The only thing that can acheive this is to turn off the computer.
No, it's a matter of degree. Even if not all spam is preventable,
preventing email address spoofing (even to a degree) would have
a range of benefits. For example, I would no longer receive
those "undelivered" messages for email that I purportedly sent,
but actually never did. And people receiving email from me could
actually trust to some extent the outcome of their filters. And,
to be clear, I'm not talking about PKI.
Actually, I want to receive those bounced messages. Otherwise I don't know
if someone is out there trying to abuse me. Often, the perpetrator can be
identfied from these bounce messages, since they usually include the
original message and its mail headers, which give an IP address and a time
of use. But it is easy to delete messages from "Mailer Daemon" if you
don't want them.
The problem here is to distinguish the real you from the not-real you.
Or rather, to distinguish the unauthorized not-real you from both the
authorized not-real-you and the real-you. Real users use relays. Real
users also use agents, like cron jobs to send email. How do you know the
cron job is not a spammer? It might be abuse. It might not be abuse. We
don't know until we check on it. There is no way to avoid this check.
RMX can't work, because real users need to be able to use a wide range of
relays, which depends on their physical location as well as their
arrangements for outsourcing, as well as the service offerings of multiple
providers. For example, Av8 Internet provides relay services for users of
earthlink, because those users have leased line services from Av8, but
email services from Earthlink, and earthlink doesn't do relay service
outside its IP address space.
How is the relay to know if the message is really from you or not really
from you? Password (or per-user account) style authentication (such as
SMTP AUTH) hasn't had any effect on spam, and it doesn't scale well, and
isn't widely supported. Passwords can be stolen by viruses, or by
disgruntled users if they are well-known. If you exclude PKI, then
spoofing is easy. If you add PKI, then how do we know that the private key
has not been stolen by a virus? Much or most of the junk/spam is now sent
from viruses. They can certainly start using the infected users identity
if necessary. We should be glad that they aren't. Forcing them to use the
users identity would be another way to shoot ourselves in the foot.
But none of this would reduce spam, because spammers would simply adapt.

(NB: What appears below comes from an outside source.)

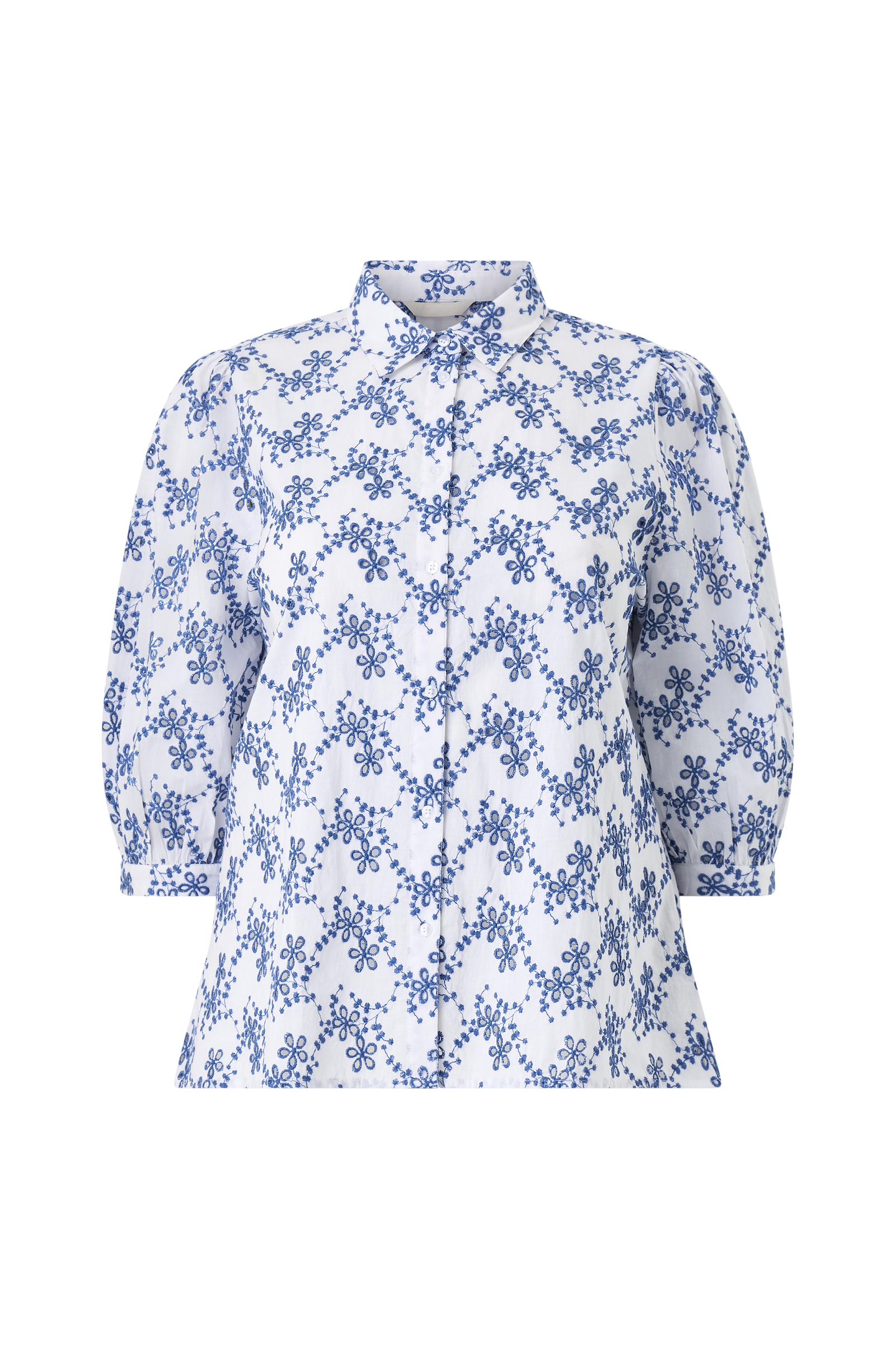 • Hålmönstrad blus med broderat mönster

The IETF can specify protocols with certain features, say PKI, but doing
so will not prevent spam, since the IETF (nor anyone else) cannot specify
a 'spam-free' protocol. This is a result of information theory.
Because it can't be perfect, it can't be done? No one needs perfection.
All we need is to have a degree of spam-freeness that is acceptable.
No. But what we are left with is a whack-a-mole solution that is no better
than what we have now. All we can do is automate that whack-a-mole
procedures. And of course, spammers can automate the avoidance procedures.
These are constraints that are imposed by information theory, and the fact
that spammers want to abuse the mail system.
Sterilized milk is not bacteria-free, it just has a reduced count
of bacteria -- which count is low enough to guarantee its stated
Bacteria are not as smart as people trying to abuse the system. Assuming
that spammers will be no smarter than bacteria is just another false
assumption. Though, perhaps we are getting to the core assumptions that
people making these proposals are relying on.